Risk Management - what is it and why do we do it?
Risk management gives us a framework that helps us to consider future events and uncertainties that affect an organisation. If it is being effective, it helps prioritise and ratify current and future management decision making.
Risk management involves everyone and everything throughout the organisation
(Steve Fowler - CEO Institute of Risk Management).
The framework we develop is dependent on a client’s requirements. Risk management can be as simple or complex as you want it to be. What we aim to do is develop a process that suits an organisation’s appetite, real requirements and is effective in its objectives.
Business Continuity Management – what is BCM?
Where an event affects business processes, the consequences can be severe and include financial loss, embarrassment, loss of credibility and goodwill for the organisation concerned. Consequential damage can extended much wider impacting on staff, customers, suppliers, stakeholders and public.
BCM is concerned with managing risks to ensure that at all times an organisation can continue operating at a predetermined minimum level i.e. sometimes prevention is more appropriate than waiting to try the cure!
“BCM is about anticipating that things are beginning to go wrong and taking planned and rehearsed steps to protect the business and hence the stakeholders interests” (John Sharpe - Policy and Development Director Continuity Forum)
Emergency Response Planning - what’s that?
Considering what you will do immediately after, or even during, a disaster event. What if your building is not safe to go back into what is the next step, where will all the evacuees go, how will communications be handles… and all this while the building is still burning!
“Whilst there will be natural anxieties in the face of the unforeseen…lack of information, preparedness, training and experience will significantly affect stress levels and personal effectiveness…
(Association of Chief Police Officers 1989)
Rehearsals - why rehearse, it will never happen?
Stuff happens – power failures, loss of IT, hackers, fires, flooding, accidents and so the list goes on. What assurance do you have that a plan will work – only testing it will highlight any omissions or disconnections. Taking people through an exercise where nothing is at stake, except pride, is valuable experience for all involved, should the unthinkable happen.
Rehearsals are not a luxury we can do without but essential in being able to assure stakeholders we have a viable and workable recovery plan.
Rehearsal events can vary in the level of staff involvement and complexity with respect to the organisation. At their simplest they consist of walk through briefing exercises, increasing to desk-top scenario sessions, technology component tests through to integrated recovery exercises involving the movement of staff, invocation of any third party services and recovery of data to alternative sites.
Rehearsals also help identify issues arising from process, technology and organisation changes not captured by change control.
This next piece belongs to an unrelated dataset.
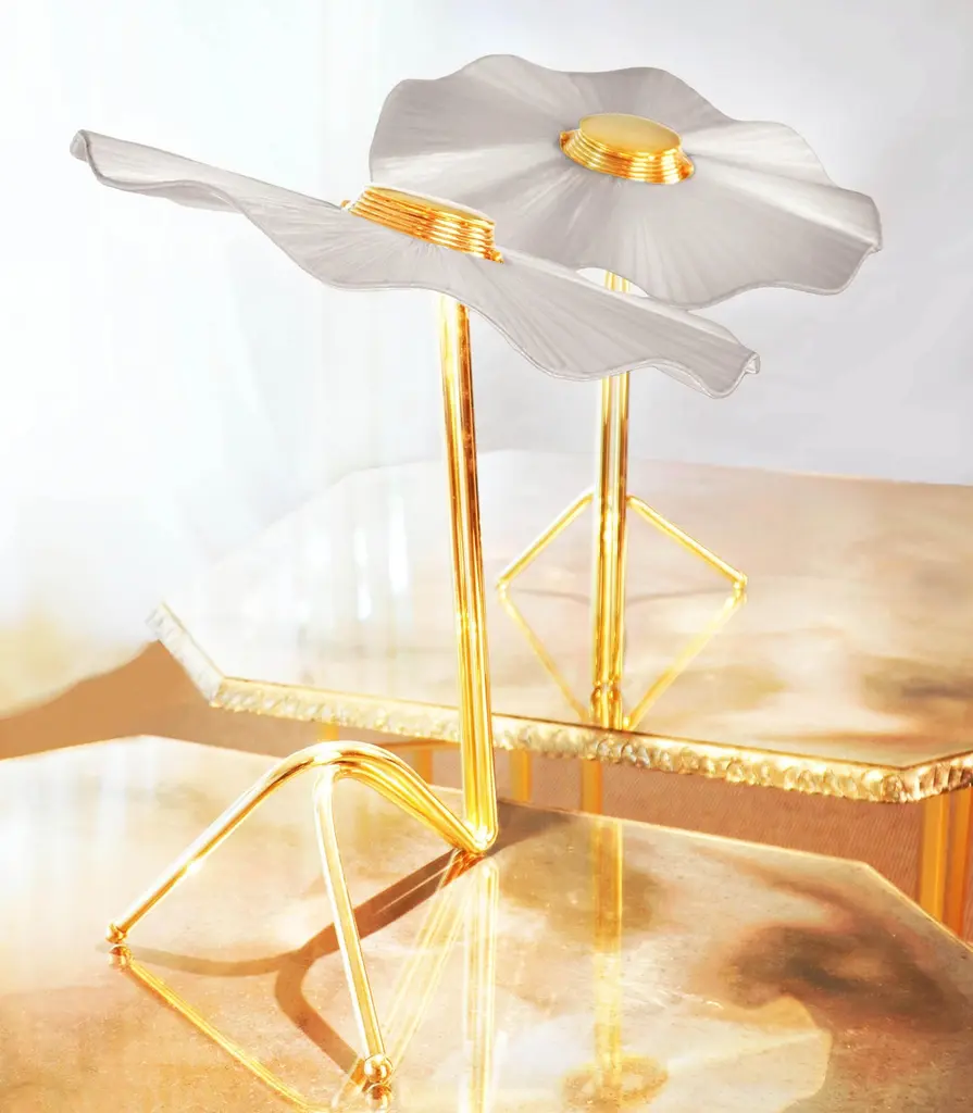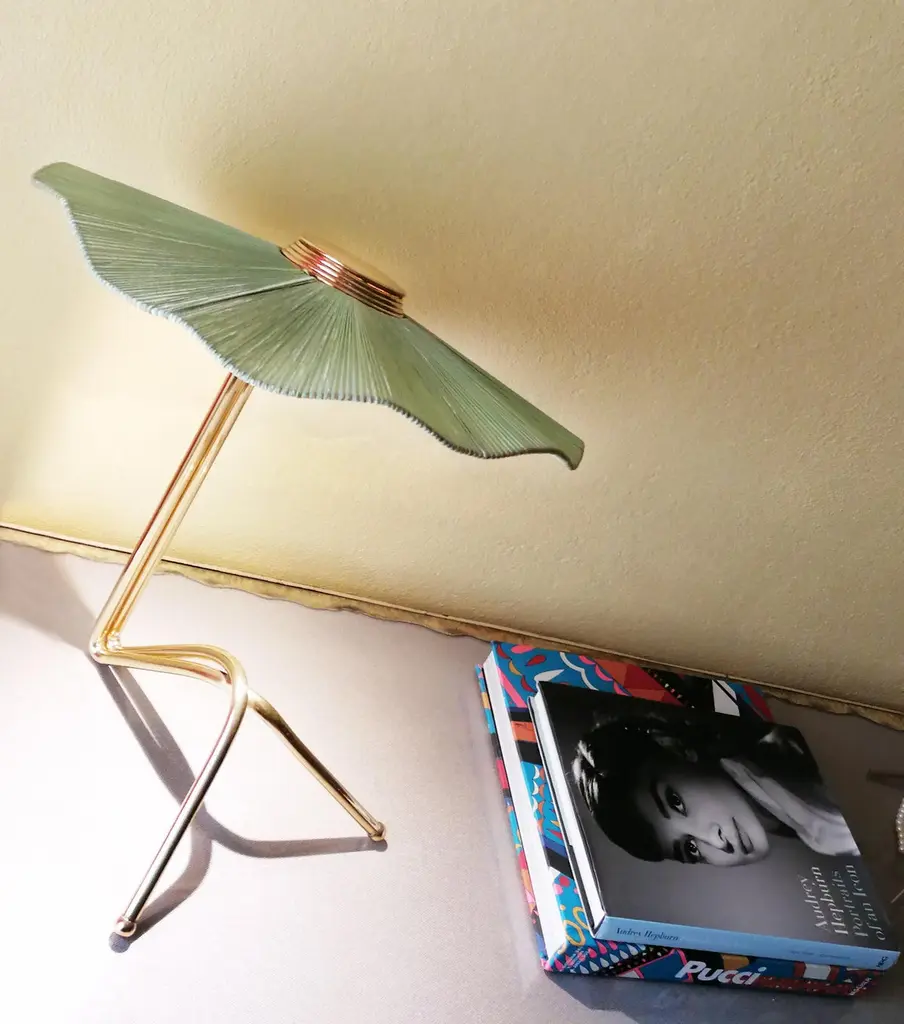FREEVOLLETwist and go! The timeless “Made-in-Italy” celebrates the graceful Italian manufacture and offers new life expression at the Maison Sabrina Landini.Creativity explores new shapes achieving the essence, overcomes life-blood to appreciate the vibrant happiness, an ode to movement, like a free dance, welcomes the upcoming Lady-lamp "Freevolle".The lampshade seems to flight like colored skirts raised up by a puff of wind.Brass shimmers by its sinuous shape and winkes at the captivating twist of legs and its turning head Freevolle, the exquisite Lady-lamp that adds a touch of glamour and identity to home interiors CE certified and Electrified : US, EU, UK, 1xG9 lamp holder, dimmable

“Education and awareness of business continuity policy, strategies and plans will be essential for the ongoing success of the BCM initiative within an organisation” (Guide to Business Continuity Management – HMSO 1995)
Rehearsals are an effective way of providing such awareness and education.
Crisis Management – why is this different to emergency response?
The emergency response is often invoked following a physical event and is concerned with issues such as containment, saving life, public safety, immediate communication to the market place and first steps of recovery.
Crisis management has a broader range of triggers including many human-caused events such as fraud, product tampering, hostile bids and sabotage. The discipline is also much more hands-off, dealing with image, reputation, and long term survival and growth of an organisation.
The skills and aptitudes required to handle crises can be acquired despite their many possible forms.
“While not all crises can be foreseen, let alone be prevented, all of them can be managed far more effectively if we understand
practice the best of what is humanly possible”
(Ian Mitroff – Professor of Business Policy University of South Carolina)
These skills and attributes can also be discovered and honed through rehearsal events. By the nature of things, such events are sudden, unpredictable and are often unprecedented by their scale and speed of escalation. This unfamiliarity is one of the most stressful elements for response personnel. Rehearsals also give experience and confidence.
Information Security – do I need this as well?
To some extent – yes! How much and to what standard will be dependent on a number of factors –
- the size of the organisation
- the data that is held
- the importance of such data
- confidentially requirements for such data
- industry regulators
- applicable statutes
- customer and supplier requirements
- what the competition has done.
Every organisation holds data in a number of formats. Most consistently these would be hard copy (paper records) and soft copy (data held electronically on a pc, server, phone, palm-top…).
For some companies, availability of data will be critical to the business functioning, whilst with others, maintaining the confidentiality and integrity of this data will be fundamental. For some, both criteria will apply.
Information security policies and process ensure availability, confidentiality and integrity are maintained. This is particular to any organisation which uses the internet for business transactions or communication.
“No organisation can operate in today’s world without effective information security… The extent and value of electronic data is growing exponentially…exposure of businesses and individuals to its misappropriation or destruction is growing very quickly… consumer confidence… will depend on how secure they believe their data is…” (Steve Watkins – IT Governance)
Much of what needs to be done revolves around people and management, not technology. Technology is often in place, but abused by users to the extent it becomes ineffective. The framework for good information security is contained in ISO 27001 – Information Security.